С тех пор он относился ко всем другим учениям, которые все-таки стороной до него доходили, с глубоким недоверием. Ведь они могли лишить его того высокого права, в сознании которого он способен был кое-как переносить нужду и голод,— права принадлежать к избранному народу. И он сказал Францу:
— По крайней мере этого у нас никто отнять не может.
Франц пошел с учителем к нему домой. Дегрейф говорил:
— Я, видишь ли, принадлежу еще к старому типу учителей: мне хотелось бы не терять из виду моих учеников в течение всей их жизни. Я боюсь, как бы ты дома не стал жертвой лжепророков. Тебя могут сбить с толку и ввести в заблуждение. Мне хотелось бы предостеречь тебя, мой мальчик, от всяких превратных идей. Ты, может быть, даже дома слышишь обо всем этом — о классовой борьбе, о солидарности. Ты не должен быть солидарен со всяким сбродом, с нищими, а только с сильными и решительными людьми. Этим ты поможешь своей нации.
Дегрейф перебрался с женой к ее родителям — старым педагогам, жившим на пенсию. Франц чувствовал всем существом, что эти люди совсем другие, чем его семья, хотя и тут квартирка была маленькая, а из-за двух внуков было так же тесно, как и у Гешке.
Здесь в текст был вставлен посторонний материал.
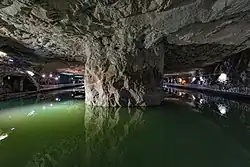- 🌍 Zhaishan tunnels (翟山坑道) (at the southern tip of the western part of Kinmen; Line A tourist bus). Historic underground navy pier, where boats could offload supplies out of reach of Mainland artillery. Artillery guns and boats on display outside. Free.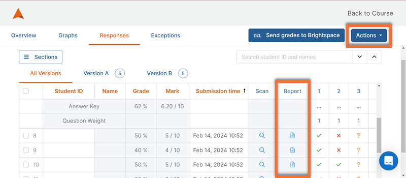 Select the icon in the “Reports” column to view a scan of a student’s response with grading annotations.
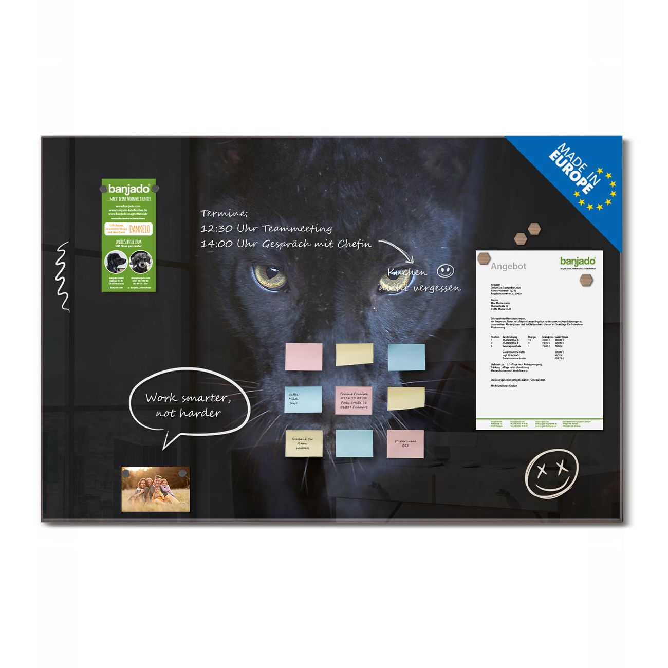 Jede Glas Magnettafel wird in unserer Werkstatt von Hand gefertigt und sorgfältig geprüft. So erhalten Sie ein echtes Qualitätsprodukt, das Funktion und Ästhetik perfekt vereint.?? Warum banjado?

В вылощенной столовой над полками с книгами висели изображения людей, которых Франц сразу узнал: Бисмарк, Лютер, Гёте. Над диваном — по его виду никак нельзя было сказать, что здесь ночью спят,— висел портрет Гитлера с его автографом. На прощание Дегрейф подарил Францу булавку для галстука с маленькой свастикой. Дома, на лестнице, Франц вытащил ее из страха перед отцом и соседями.
Две недели спустя в клубе гитлерюгенда он увидел на флаге ту же свастику, но только огромных размеров. Франц посмотрел на нее смущенно и растерянно, но отнюдь не враждебно или презрительно. Все это произошло совсем незадолго до ссоры с родителями из-за штанов. Мать не была виновата в его беде, это он и сам отлично знал. После ссоры сна даже жалела его. Но все же она слишком невежественна, чтобы ей можно было тайком объяснить все, что говорил учитель Дегрейф.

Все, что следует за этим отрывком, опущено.